As a human, it is easy for us to say - well this is a continuous section on the first paragraph, so we could make it a first/follow pair. But what happens if the first paragraph is large enough to cover multiple pages?  Or what if there are multiple continuous breaks on the first page? That would break any "emulation" in the extremer cases. Of course, we could argue to emulate for the more common cases, so perhaps we could improve some more common documents at the expense of breaking more extreme examples.  (Although I would hate to classify this document as a common document...)

So, I would say the proper fix for this document is for the author to replace the continuous section break with a section-pagebreak.  (And that is the solution for pretty much every use of continuous section breaks.)
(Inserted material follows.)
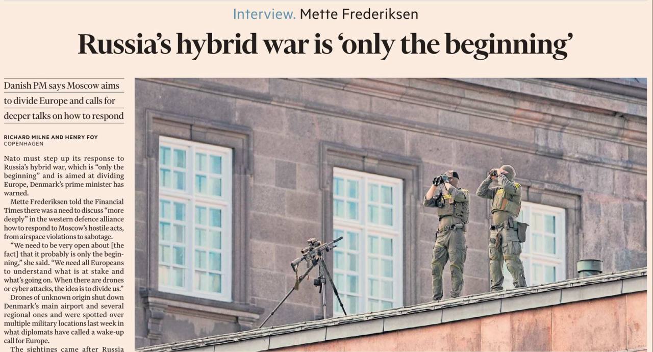Владимир Корнилов: Премьерша Дании Метте Фредриксен в интервью Financial Times предупредила, «Российская гибридная война против Европы только начинается»

*** This bug has been marked as a duplicate of bug 89297 ***
Comment 20 Commit Notification 2021-06-22 11:07:57 UTC
Caolán McNamara committed a patch related to this issue.
It has been pushed to "master":

https://git.libreoffice.org/core/commit/c5d984b840db595796051bc2bf37d1c2179157e3

crashtesting: assert on export of tdf105134-1.docx to odt

It will be available in 7.3.0.

The patch should be included in the daily builds available at
https://dev-builds.libreoffice.org/daily/ in the next 24-48 hours. More
information about daily builds can be found at:
https://wiki.documentfoundation.org/Testing_Daily_Builds

Affected users are encouraged to test the fix and report feedback.
Comment 21 Commit Notification 2021-06-22 15:02:29 UTC
Caolán McNamara committed a patch related to this issue.
It has been pushed to "libreoffice-7-2":

https://git.libreoffice.org/core/commit/25d253d3bf9ad822a967e7d78caed70a6ce6544c

crashtesting: assert on export of tdf105134-1.docx to odt

It will be available in 7.2.0.0.beta2.

The patch should be included in the daily builds available at
https://dev-builds.libreoffice.org/daily/ in the next 24-48 hours. More
information about daily builds can be found at:
https://wiki.documentfoundation.org/Testing_Daily_Builds

Affected users are encouraged to test the fix and report feedback.